Then the neural network analyzes this data and uses it to determine the person's emotional state. For example, the neural network may determine that a person is happy, sad, angry, or experiencing other emotions.
For this, the neural network can use convolutional neural networks, recurrent neural networks, or a combination of different types of networks.
These are just some examples of how neural networks can be applied in real life. Each of these examples can be implemented using different types of neural networks and configurations, and each may require a large amount of data for training. However, understanding the basics of how neural networks work and their structural elements, such as neurons, weights, and activation functions, is key to building effective neural networks and solving various machine learning tasks.
The examples described in the first chapter can be implemented using various software tools for machine learning and neural network development. Let's look at the most popular ones.
TensorFlow: an open-source software for machine learning developed by Google. TensorFlow supports various types of neural networks and makes it easy to create, train, and deploy machine learning models.
Keras: a high-level interface for building neural networks that works on top of TensorFlow. Keras simplifies the process of creating neural networks and allows for quick experimentation with different architectures and hyperparameters.
PyTorch is an open-source machine learning software developed by Facebook. PyTorch also supports various types of neural networks and has a user-friendly interface for creating and training models.
Scikit-learn is a Python library for machine learning.
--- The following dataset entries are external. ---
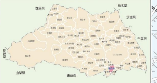
朝霞市の位置 (平成29年4月1日現在)
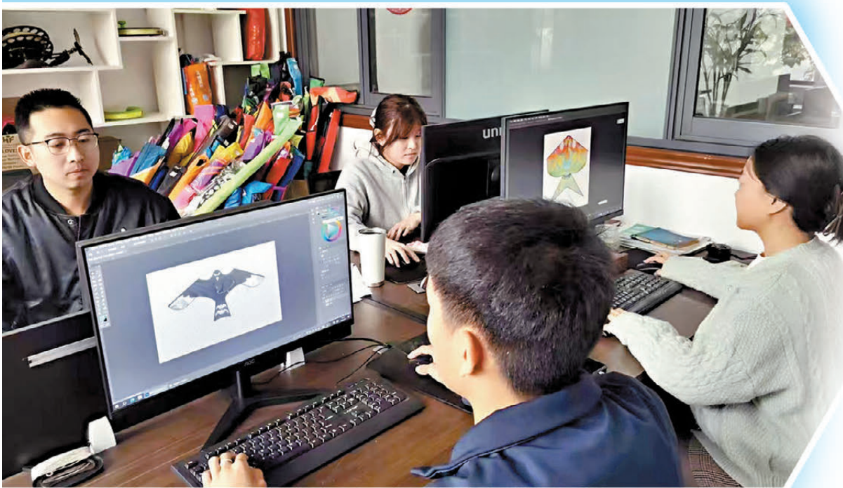
●濰坊永健風箏製造有限公司年輕的設計團隊為風箏加入流行元素。

在濰坊世界風箏博物館，「濰坊風箏紀」VR體驗、「龍箏繪夢」MR大空間體驗項目一推出便受到觀眾的熱捧。該項目由濰坊世界風箏博物館和當地龍頭科技企業歌爾創客公司聯合打造，遊客通過可穿戴設備實現虛實交互，穿越千年時空親手「觸摸」傳統風箏紮製技藝，沉浸式體驗古濰縣年畫觀賞、打鐵花表演、市井叫賣等經典民俗場景，打造多感官非遺敘事空間。與此同時，博物館還啟動館藏風箏數字化工程，建立綜合性數字化資源庫和線上展示平台，觀眾可掃碼進行3D觀看，以創新方式傳播濰坊風箏非遺文化。這種傳統非遺與數字潮流的碰撞，讓「萬物皆可上天」的濰坊傳奇，不斷刷新大眾的想像邊界。
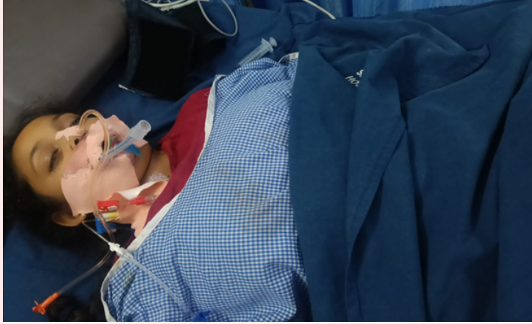
జనోదయ చెన్నూర్ ఆర్ సి ఏప్రిల్ 04 :
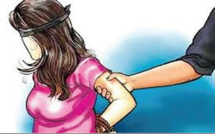
ત્રીજી ઘટનામાં યુવતિએ હવસખોરે સરાજહેર પાછળથી આવી બથ ભરી અડપલા કર્યા: દેકારો મચતાં ટોળાએ બેફામ ઢીલ્યો, પોલીસે પણ ખોખરો કર્યો

Scikit-learn includes many machine learning algorithms, including some types of neural networks, and simplifies the process of creating and evaluating models.
The specific choice of working environment depends on the specific task and the developer's personal preferences. However, all of these tools have extensive documentation and user communities that can help in the process of working with them.
Let's take a closer look at the implementation of the practical examples mentioned above in the TensorFlow environment.
Digit recognition in images. For digit recognition in images, we can use a neural network with several convolutional layers and fully connected layers based on the TensorFlow library. Below is an approximate implementation of such a neural network.
The first step is to import the necessary TensorFlow modules and load the training and testing data:
import tensorflow as tf
from tensorflow import keras
#Load MNIST dataset
(train_images, train_labels), (test_images, test_labels) = keras.datasets.mnist.load_data()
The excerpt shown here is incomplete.